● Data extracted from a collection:
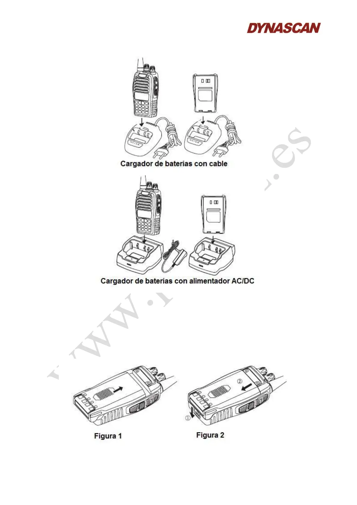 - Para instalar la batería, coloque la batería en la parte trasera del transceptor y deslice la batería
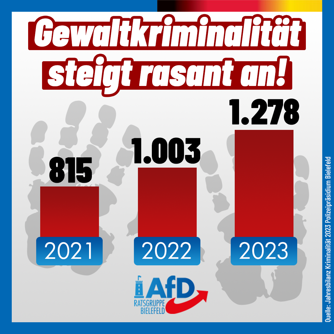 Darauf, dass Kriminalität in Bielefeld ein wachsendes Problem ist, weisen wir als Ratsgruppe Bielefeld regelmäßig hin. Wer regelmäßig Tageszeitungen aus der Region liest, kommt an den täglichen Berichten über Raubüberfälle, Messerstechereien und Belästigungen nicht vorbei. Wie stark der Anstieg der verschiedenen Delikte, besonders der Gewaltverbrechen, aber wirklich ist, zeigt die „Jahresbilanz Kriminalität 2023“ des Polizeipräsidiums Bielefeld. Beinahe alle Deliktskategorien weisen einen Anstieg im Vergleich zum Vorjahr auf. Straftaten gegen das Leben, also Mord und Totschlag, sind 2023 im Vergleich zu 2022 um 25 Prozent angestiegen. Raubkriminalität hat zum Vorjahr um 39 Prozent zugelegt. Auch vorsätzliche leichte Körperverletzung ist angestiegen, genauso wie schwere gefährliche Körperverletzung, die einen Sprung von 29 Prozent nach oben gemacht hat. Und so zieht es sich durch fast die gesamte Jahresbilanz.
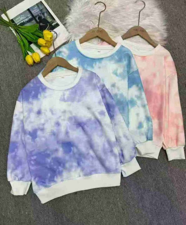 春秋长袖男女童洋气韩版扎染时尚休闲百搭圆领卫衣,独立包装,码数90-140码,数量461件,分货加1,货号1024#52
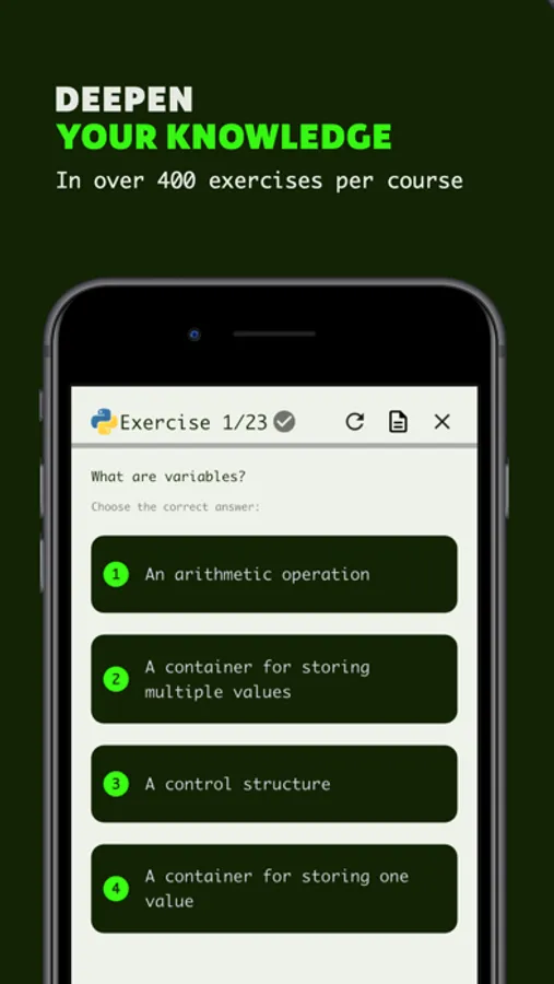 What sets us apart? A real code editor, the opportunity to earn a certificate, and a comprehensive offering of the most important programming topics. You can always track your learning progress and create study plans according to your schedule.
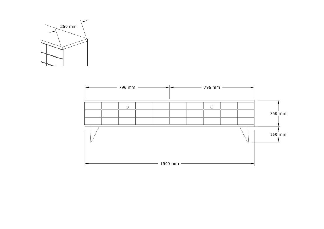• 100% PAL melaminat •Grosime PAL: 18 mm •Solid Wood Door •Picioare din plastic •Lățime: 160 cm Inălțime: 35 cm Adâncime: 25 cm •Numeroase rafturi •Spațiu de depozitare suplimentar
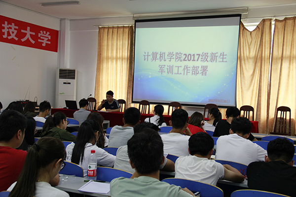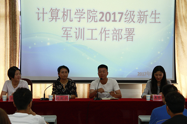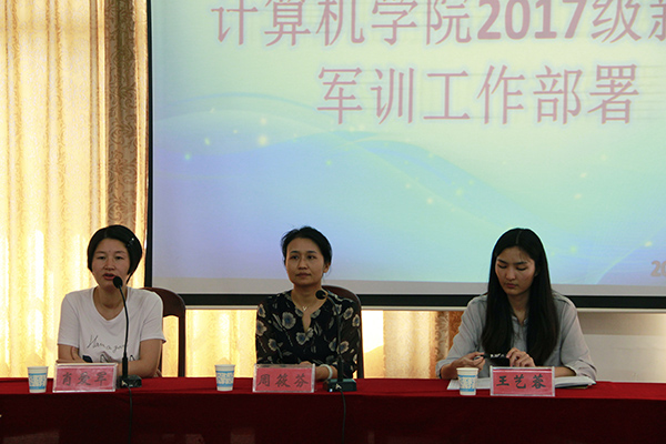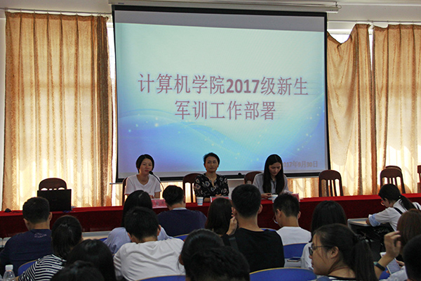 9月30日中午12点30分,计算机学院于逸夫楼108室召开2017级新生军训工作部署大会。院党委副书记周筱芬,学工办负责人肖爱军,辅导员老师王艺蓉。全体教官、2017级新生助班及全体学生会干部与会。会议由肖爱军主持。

● Exercise goal: Word for word, write out each of the records, but not the pictures.

● Expected answer:
 - Para instalar la batería, coloque la batería en la parte trasera del transceptor y deslice la batería
 Darauf, dass Kriminalität in Bielefeld ein wachsendes Problem ist, weisen wir als Ratsgruppe Bielefeld regelmäßig hin. Wer regelmäßig Tageszeitungen aus der Region liest, kommt an den täglichen Berichten über Raubüberfälle, Messerstechereien und Belästigungen nicht vorbei. Wie stark der Anstieg der verschiedenen Delikte, besonders der Gewaltverbrechen, aber wirklich ist, zeigt die „Jahresbilanz Kriminalität 2023“ des Polizeipräsidiums Bielefeld. Beinahe alle Deliktskategorien weisen einen Anstieg im Vergleich zum Vorjahr auf. Straftaten gegen das Leben, also Mord und Totschlag, sind 2023 im Vergleich zu 2022 um 25 Prozent angestiegen. Raubkriminalität hat zum Vorjahr um 39 Prozent zugelegt. Auch vorsätzliche leichte Körperverletzung ist angestiegen, genauso wie schwere gefährliche Körperverletzung, die einen Sprung von 29 Prozent nach oben gemacht hat. Und so zieht es sich durch fast die gesamte Jahresbilanz.
 春秋长袖男女童洋气韩版扎染时尚休闲百搭圆领卫衣,独立包装,码数90-140码,数量461件,分货加1,货号1024#52
 What sets us apart? A real code editor, the opportunity to earn a certificate, and a comprehensive offering of the most important programming topics. You can always track your learning progress and create study plans according to your schedule.
• 100% PAL melaminat •Grosime PAL: 18 mm •Solid Wood Door •Picioare din plastic •Lățime: 160 cm Inălțime: 35 cm Adâncime: 25 cm •Numeroase rafturi •Spațiu de depozitare suplimentar
 9月30日中午12点30分,计算机学院于逸夫楼108室召开2017级新生军训工作部署大会。院党委副书记周筱芬,学工办负责人肖爱军,辅导员老师王艺蓉。全体教官、2017级新生助班及全体学生会干部与会。会议由肖爱军主持。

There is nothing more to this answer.